Через полчаса в клинику стали поступать первые раненые. Приход в больницу оккупантов, был для всего персонала неожиданным. Чужие солдаты, несмотря на маленький рост, выглядели не просто грозно, а весьма свирепо. Ситуацию можно было сравнить с раскрученным сюжетом ограбления банка в кинопрокате – крик налётчиков, гулкий грохот выстрела, визг медсестры на контроле, согнутый пополам охранник, получивший штыком в живот, так и не успевший вытащить оружия. Дюжина азиатов с винтовками наперевес, громко топая ботинками, хлопая дверьми, разбежались по зданию, подавляя любое сопротивление.
Офицер, командовавший солдатами, коротко, гортанно отдавал распоряжения. Клаус Майер вышел ему на встречу и был грубо и болезненно остановлен тычком ствола в грудь.
В нём взыграла тевтонская кровь, но он заставил себя спокойно и чётко задать вопрос, без тени возмущения и гнева, лишь глаза превратились в узкие щёлочки, наводясь прицелом на врага. Японский офицер невысокого роста, щупленький, точно мальчик, с ввалившимися щеками, напряжёнными морщинами между бровями, смотрел на Клауса сквозь толстые стёкла очков. Глаза его от этого казались большими и совсем не азиатскими, круглыми, как у птицы.
Возможно, из-за очков, а может из-за своего английского он выглядит вполне интеллигентно. Хотя все эти его «собственно говоря», «я склонен думать», «видите ли», могли быть просто заученными фразами. Его английский был вполне лаконичен и понятен, не смотря на то, что японец «глотал» некоторые согласные.
- Как я понимаю, вы здесь главный? – Получив в ответ сдержанный кивок, офицер продолжил, - город захвачен войсками Императорской армии Японии. Я приказал не трогать всех тех, кто не будет оказывать сопротивления и готов сотрудничать. От вас требуется только выполнять свой врачебный долг. Не более! Вы готовы оказать медицинскую помощь нашим солдатам?

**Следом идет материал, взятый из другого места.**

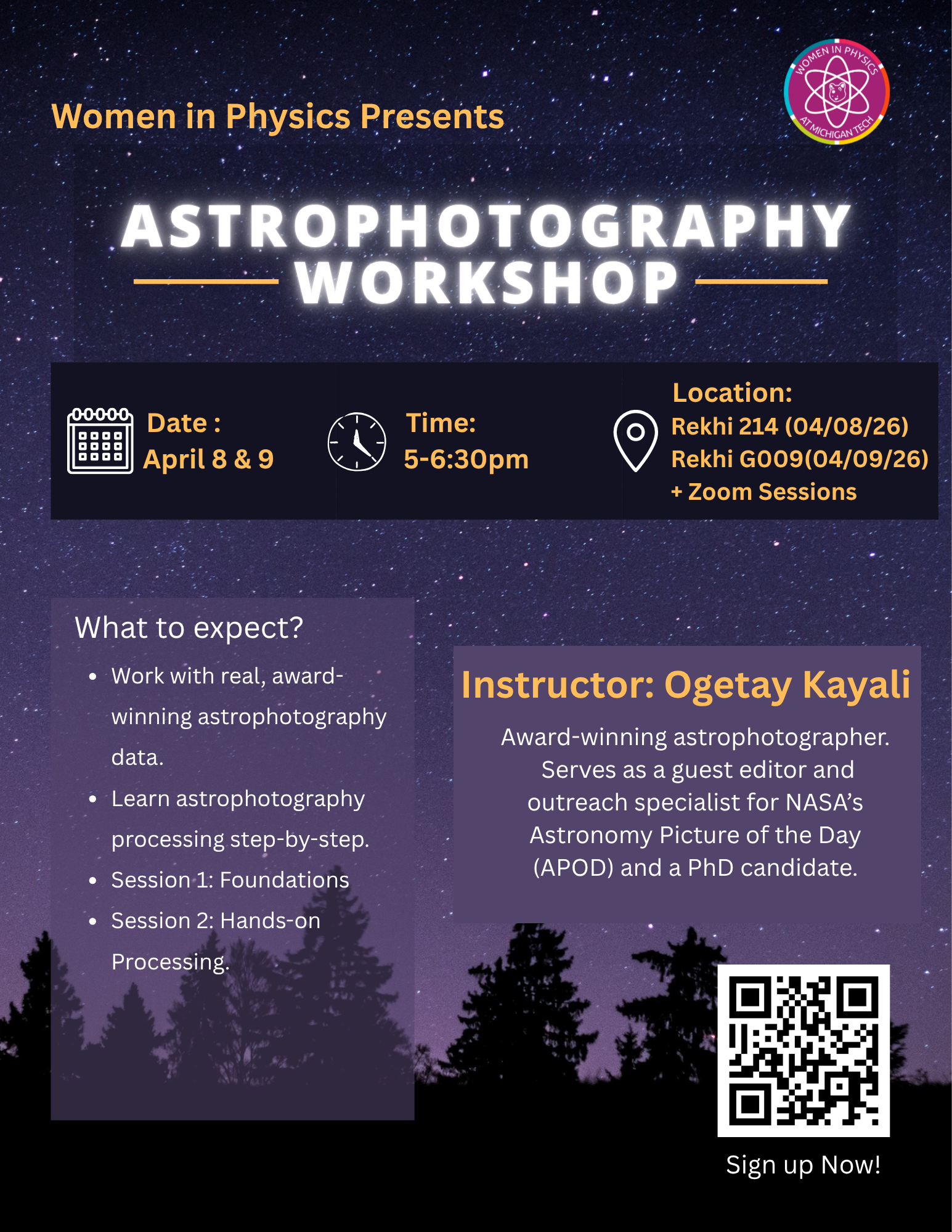 Women in Physics is excited to invite you to an Astrophotography Workshop led by Ogetay Kayali, an award-winning astrophotographer and PhD candidate. He also serves as a guest editor and outreach specialist for NASA’s Astronomy Picture of the Day (APOD). Here is his website for more information
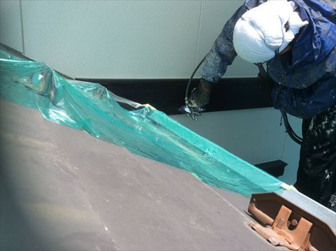 レンガ部分の吹き付けの様子です。このようなデザイン性の高いの外壁にはうってつけの塗料です。ただ、欠点が一つ、全くのクリアなのでザラザラした外壁面では塗った感があまりわからないです。光の加減だったりC1グラスを塗っていない部分があるとなんとなくわかるのですが、ザラザラした面はほとんどわかりません。

Клаус Майер был не из робкого десятка, но встретившись с холодным взглядом сквозь блеснувшие линзы очков, нервно поёжился.
Чуть позже принимая чужих раненых солдат, Клаус приказал разместить их в отдельном крыле клиники, подальше от остальных больных. В какой-то степени это устраивало всех, и японского офицера, и испуганный медперсонал, и уж тем более раненых и больных гражданских.
* * *
Упираясь в борт открытого пикапа, кряхтя и кривясь от ноющей боли в спине, Пашка потянул на себя носилки с раненым. Машина стояла у заднего входа одного из корпусов городского госпиталя. А они с Савомото оттащили в распахнутые настежь стеклянные двери уже третьи носилки.
«Всё-таки этот лейтенант Мураками – человек! Заботу о своих людях проявляет…, однако, - добавил он, словив в большом лопухе зеркала заднего вида машины… свою физиономию - ну вылитый чукча! А чего, если смыть копоть и пыль – вполне»!
- Давай, не зевай, - поторопил его Савомото.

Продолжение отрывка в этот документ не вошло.